• **What is needed**:
Beginning at the line that contains "2019年9月至2020年7" and finishing at the line that contains "Kadın Yüksel Bel Bağcıklı Deri Pantolon", output the data below exactly. Include both end lines and no pictures.

• **Data for the task**:

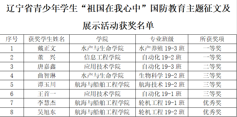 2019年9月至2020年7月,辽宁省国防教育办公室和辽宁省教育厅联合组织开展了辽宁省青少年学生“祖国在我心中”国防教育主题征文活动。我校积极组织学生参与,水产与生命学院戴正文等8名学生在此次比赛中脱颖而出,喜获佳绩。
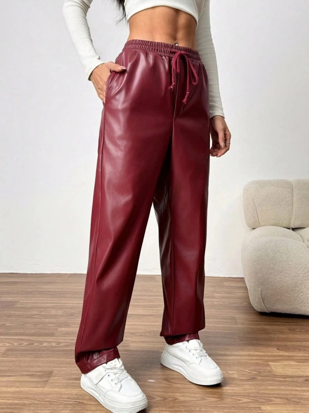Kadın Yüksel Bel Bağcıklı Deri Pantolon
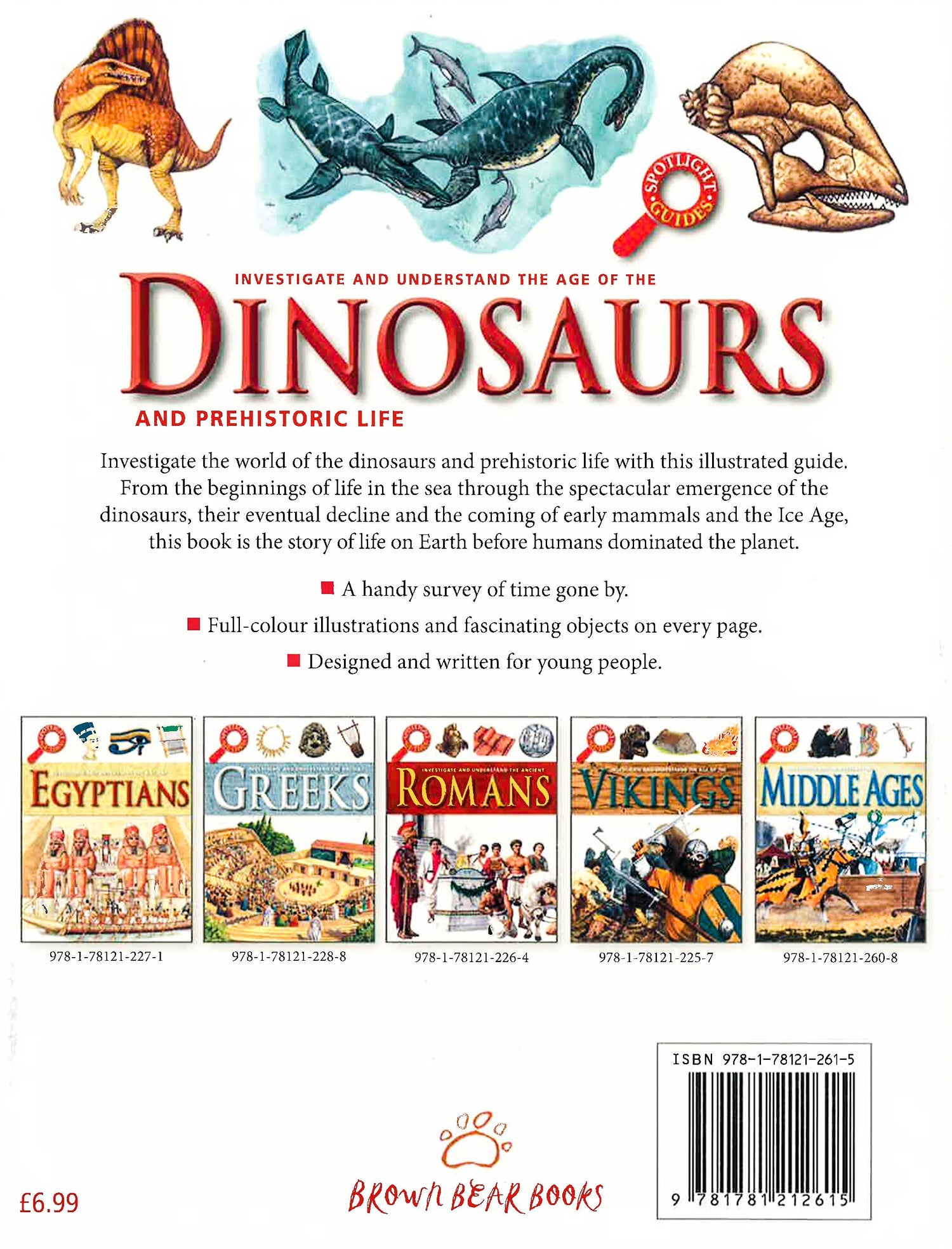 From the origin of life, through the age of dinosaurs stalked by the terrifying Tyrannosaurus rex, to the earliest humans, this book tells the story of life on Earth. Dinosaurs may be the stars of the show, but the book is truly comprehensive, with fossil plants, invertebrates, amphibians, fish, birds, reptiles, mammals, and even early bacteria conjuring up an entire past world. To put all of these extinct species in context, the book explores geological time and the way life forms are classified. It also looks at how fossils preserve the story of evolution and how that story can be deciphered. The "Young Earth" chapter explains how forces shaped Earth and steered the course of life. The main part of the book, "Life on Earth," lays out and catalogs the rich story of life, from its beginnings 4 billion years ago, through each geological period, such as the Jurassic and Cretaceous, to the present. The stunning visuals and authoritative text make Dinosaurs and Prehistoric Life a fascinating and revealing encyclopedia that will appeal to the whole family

--

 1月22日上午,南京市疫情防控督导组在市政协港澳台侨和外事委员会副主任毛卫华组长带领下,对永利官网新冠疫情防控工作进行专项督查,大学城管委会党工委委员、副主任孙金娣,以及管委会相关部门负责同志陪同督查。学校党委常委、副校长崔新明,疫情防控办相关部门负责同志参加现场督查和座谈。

• **Response**:
 2019年9月至2020年7月,辽宁省国防教育办公室和辽宁省教育厅联合组织开展了辽宁省青少年学生“祖国在我心中”国防教育主题征文活动。我校积极组织学生参与,水产与生命学院戴正文等8名学生在此次比赛中脱颖而出,喜获佳绩。
Kadın Yüksel Bel Bağcıklı Deri Pantolon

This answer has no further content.